I just spoke on the phone with my aunt, who was keen to get whatever details I had to offer about the nature of my upcoming defense. I can understand how non-academics are hazy on what goes on at these events; I wouldn't really know myself, if I hadn't attended so many. What throws me, though, is the way that my aunt, my grandmother, my parents, and pretty much everyone in my family simply don't understand what I plan to do for a living. I mean, they understand that I want to be a professor and researcher, but they really don't get what that entails. Case in point: I was explaining to my aunt a fellowship that I had applied for at University X. I heard her brighten up and say:
"Oh! You know, [daughter of an old boyfriend of my aunt's whom I barely know] went to University X!"

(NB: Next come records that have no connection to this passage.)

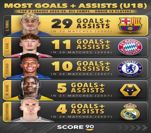 北京時間2月24日,Score 90統計出了本賽季至今歐洲五大聯賽U18球員各項賽事直接參與進球數的排行榜,亞馬爾29球斷檔領先,倫納特-卡爾11球第二,埃斯特旺10球第三。
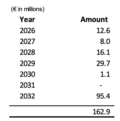 I also want to highlight the maturity structure: the non-current term loans of €347.2 million don’t come due until at least 2032.
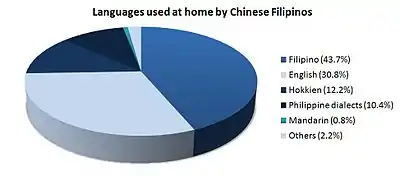 - Hokkienese / Fukienese / Fujianese / Fookienese (Philippine Hokkien simplified Chinese: 福建人 / 闽南人; traditional Chinese: 福建儂 / 閩南儂; Pe̍h-ōe-jī: Hok-kiàn-lâng / Bân-lâm-lâng, Mandarin simplified Chinese: 福建人 / 闽南人; traditional Chinese: 福建人 / 閩南人; pinyin: Fújiànren / Mǐnnánrén)—terms referring to Chinese Filipinos whose predominant ancestry is from Fujian Province in China, especially the Hokkien-speaking region in Southern Fujian. Chinese Filipinos of this background typically have Philippine Hokkien as a heritage language, though just as any Chinese Filipino may also normally speak Philippine English, Filipino/Tagalog or other Philippine languages (such as Visayan languages) and may also code-switch any and all of these languages, such as Taglish, Bislish, Hokaglish, etc.
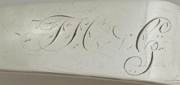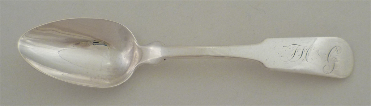 DESCRIPTION | Single US coin silver Fiddle pattern spoon with a frontal engraving. |
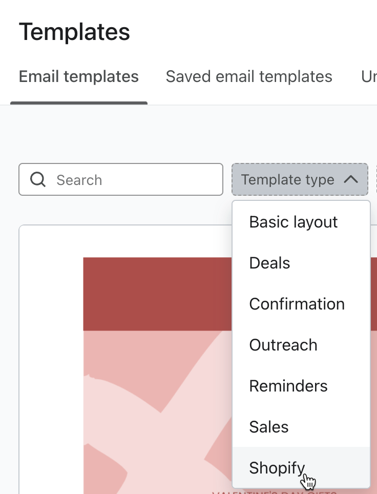 - Dalla scheda Modelli di e-mail, clicca sul menu a tendina Tipo di modello e seleziona Shopify.
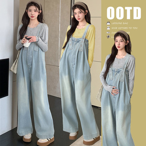 孕妇秋装套装2025新款牛仔背带裤时尚长袖春秋季宽松大码两件套女
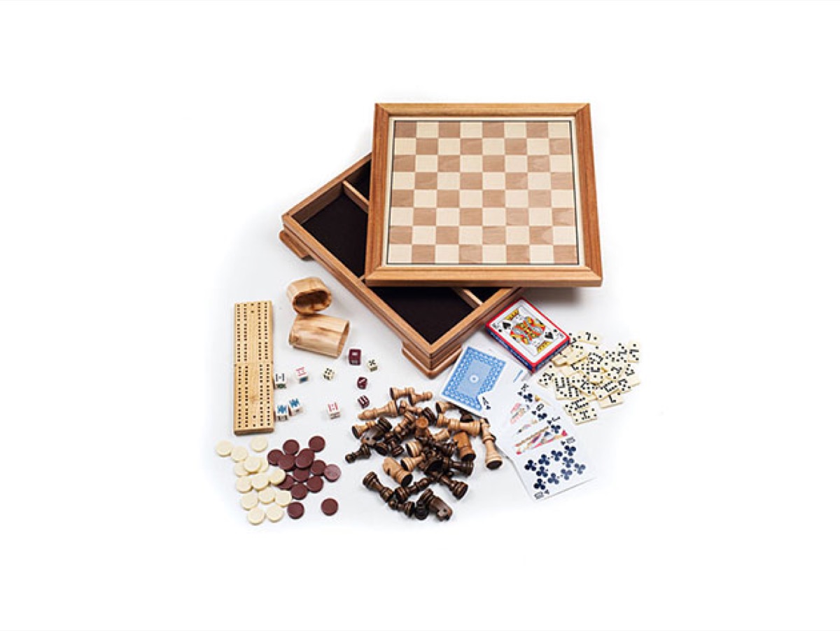 Deluxe 7-in-1 Game Set Chess Checkers Backgammon Cards Poker Dice: Add a few more options to game night without needing a whole extra set of shelves for them. This 7-in-1 set includes chess, checkers, backgammon, cribbage, dominos, playing cards, and poker dice. Use code SAVE15TODAY to get an extra 15% off.
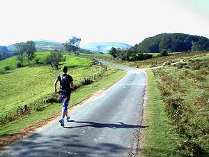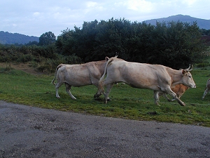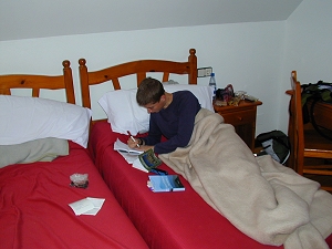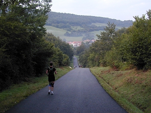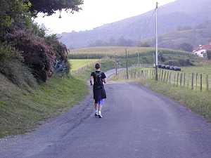 Dag 3: Måndag 17/9 2007 kl. 17.00Vi fick i går en god 3-rätters middag bestående av salladstallrik, fläskkött och pommes frites samt glass. Till detta delade vi på en flaska vin och jag drack en kopp kaffe. Här nere är det inte standard med kaffe på maten, så det måste man beställa speciellt. I morse hade vi ställt klockan på 7.30, då frukosten var kl. 08.30. Under natten hade det åskat och regnat en hel del, så jag funderade på om man skulle ta med ett paraply, men det hade klarnat upp och solen var på gång, så den fick vara kvar. Vi blandade ihop var sin stor påse med russin och nötter, som är en mycket bra och energirik föda under joggingen. Dessutom fyllde vi på vatten ur kranen till flaskorna. Vi har inte haft några problem än så länge med kranvattnet på hotellen. Sedan gick vi ner och år frukost och här var det en bättre frukost än dagen före med lite allt möjligt. När vi var uppe på rummet igen och packade väskorna kom en kille, som skulle köra vårt bagage emellan hotellen under hela veckan. Dessa kördes nu direkt till Zubiri. Vi var klara kl. 9.15 och gick i väg på stigen till höger om vägen till Compostella, Det var en mycket fin stig c:a 1 meter bred och grusad under träd. Efter 3 km var vi framme vid Burguete. Här sprang vi ett tag på asfaltväg. Mitt inne i samhället träffade vi på det andra svenska paret, som hade bott på ett annat hotell i Roncesvalles. Här avvek leden från vägen och vi gick mindre vägar/stigar ut på landet. Det var även springvänligt, så vi kunde springa en hel del enligt våra planer. Hela vägen är det bra skyltat av spanjorerna, ofta med en cementstod och det väl synliga blågula snäckmärket. Ibland kan man även se ett rött och ett vitt streck och det kan även vara gula pilar. Efter en timme och 7 km. var vi vid Espinol. Här fanns en vattenkälla, så vi kunde fylla på vatten i flaskorna, men jag hade inte druckit så mycket då. Vi joggade vidare och passerade många vandrare, som startat tidigt från vandrarhemmet i Rocesvalles. Det var rätt stort och nästan 200 personer hade sovit i den stora sovsalen. |

Wow, Auntie, do I not give a flying fuck about where this girl -- or anyone -- went to undergrad. University X is, um, a big school. A lot of people go there for college. This fact has exactly nothing to do with anything that I do. But for my family, who have only the vaguest idea what universities might pay me to do on a day-to-day basis, this seems to be their default setting for relating to my work. (My mom's side in particular, come to think of it.) They like to establish interpersonal links to things beyond their immediate knowledge, no matter how tenuous or irrelevant to practical concerns those links might be. I sometimes feel like they tacitly insist on establishing a link -- any link -- between themselves and wherever I might be working, as if the place doesn't really exist if they can't verify some kind of chain of relationships back to themselves. It's a weird kind of concrete thinking, and weirdly self-centered -- after all, I'm the one applying for the job, not any of them. Does every academic's family insist on somehow blessing a potential workplace by virtue of its existence in their cultural and social geography? Or is my family just peculiar?